Но, как мы помним, именно в прогалах происходит вся магия произведения.


Динамизация. И теперь мы плавно пошли к очень интересному моменту. Произведение динамично. Нам мало просто изобрести некую структуру, некий приём. Нам нужно его повторить. Помните, как писал Шкловский? Основной приём в искусстве — это повтор. Но повтор не может существовать вне времени. Нам интересно, что будет дальше. Именно этот момент мы как бы считываем в произведении. И именно он связан с теснотой. Слишком тесное нам уже мало. Слишком тесное мы принимаем уже за прозу.


Собрание жильцов сегодня в 18:00.


Это объявление. Однако если мы расскажем несколько историй, то это уже выйдет за рамки объявления.


«Ради бога, Боря, я тебя умоляю — не пей! Что про меня подумают люди?»


Будучи человеком робкого десятка, Увалов отпросился с работы пораньше — ведь улики уликами, а Семёнову из третьего подъезда он видит не так уж и часто, а в прошлый раз она так вообще посмеялась над его анекдотом.


И вот нам уже интересно: будет ли Борис пить и пригласит ли Увалов Семёнову на свиданье.


Ну а сложение двух принципов — динамизации и единства — даёт нам, наконец-то, последний принцип.


Сукцессивность. Или, как говорилось ранее, симультанность. Это свойство, когда мы воспринимаем произведение как произведение. Иными словами, именно благодаря этому свойству мы можем понять, что перед нами рассказ, а не анекдот. Каким образом? Через определённое сочетание тесноты и динамизации, организованное по некому принципу единства.


Фуф, мы закончили. Или нет? Мы же так и не ответили на изначальный вопрос. И вот тут нас встречает нечто очень интересное: нам не нужна динамизация. Как же так — ведь на ней всё и строится?


Всё дело в том, что наша речь линейна, как говорил де Соссюр. Именно поэтому мы обречены на неё. Нельзя одновременно смотреть за страданиями Бориса и муками Увалова. Сначала надо выбрать что-то одно. Или нет?


Мы можем нарисовать картину, где будет в разрезе дом. И в одной квартире мы можем изобразить Бориса, который тайно поглядывает на заначку водки. А в другой — прихорашивающегося перед зеркалом Увалова.


Что мы только что сделали? Перепрыгнули от одного языка к другому. Картина статична. Памятник Ленину статичен. Это нечто такое, что образует совсем другую форму единства — за счёт совсем иной формы передачи. Это уже даже не разница между слоном и мышью — это пропасть между слоном и акулой.


И именно поэтому я предложил термин целостность. Слон — это явно не акула. И это явно не золотистый стафилококк. Однако мы как бы объединяем это в одну группу. Сукцессивность, получается, вообще первична, а не следует из остальных свойств.

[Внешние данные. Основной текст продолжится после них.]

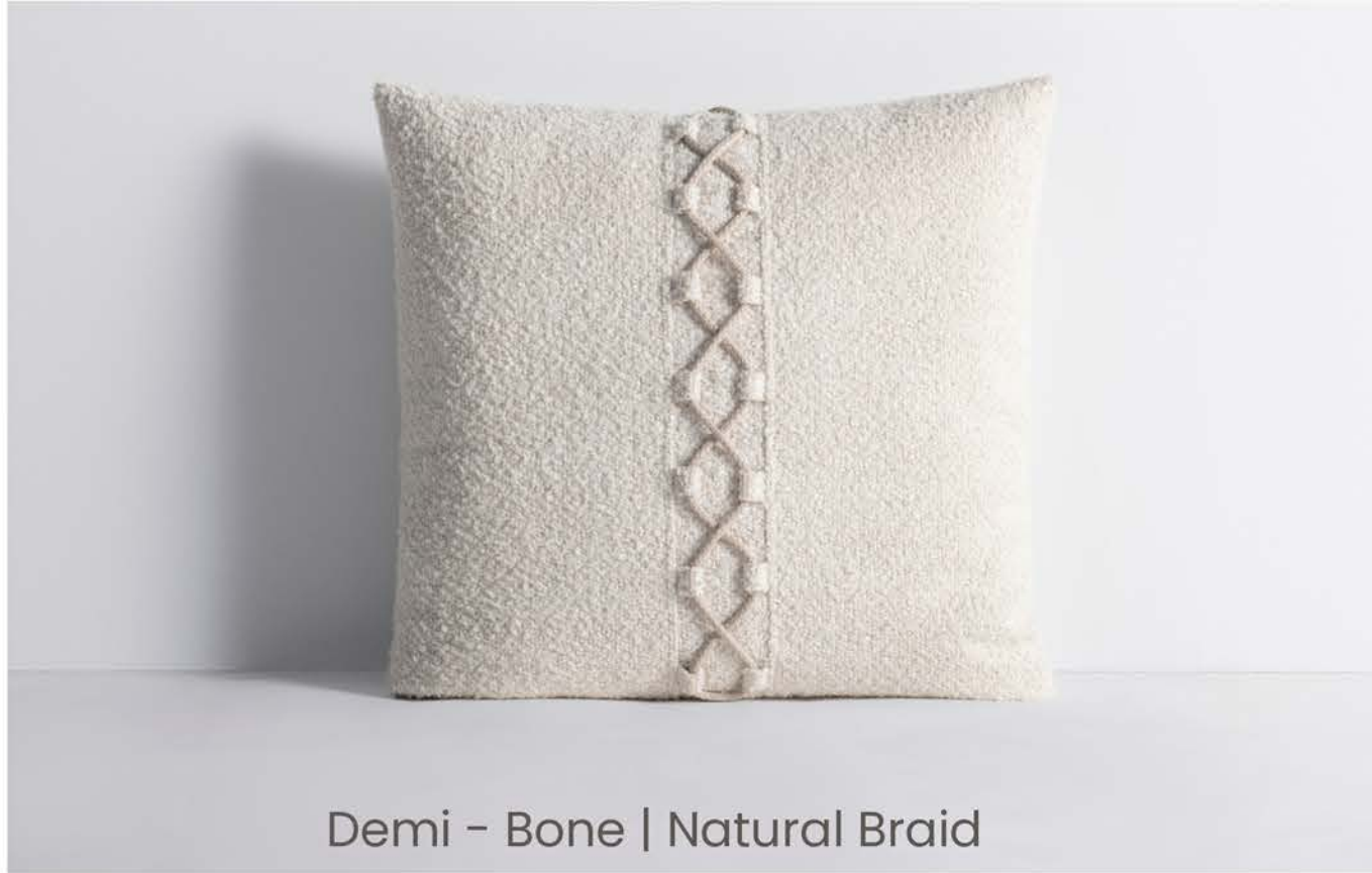
Demi - Bone | Natural Braid

А да, простите — это важно. Борис Увалов, разумеется, нажрался. Вся его трагедия заключалась в том, что он сначала пригласил Семёнову на свиданье, которое прошло бесподобно. Окрылёный успехом, он уже даже купил кольцо и хотел сделать Семёновой предложение. Но чёртов день учёта улик. Прошлый участковый был слишком невнимателен — не то, что Борис. Все улики указывали на то, что Семёнова — это Белая Гадюка, криминальный авторитет, промышляющий наркотиками и крышеванием проституции. И именно на суде он и познакомился с Верой Зайцевой — тогда молодым прокурором, а ныне его женой-гадюкой.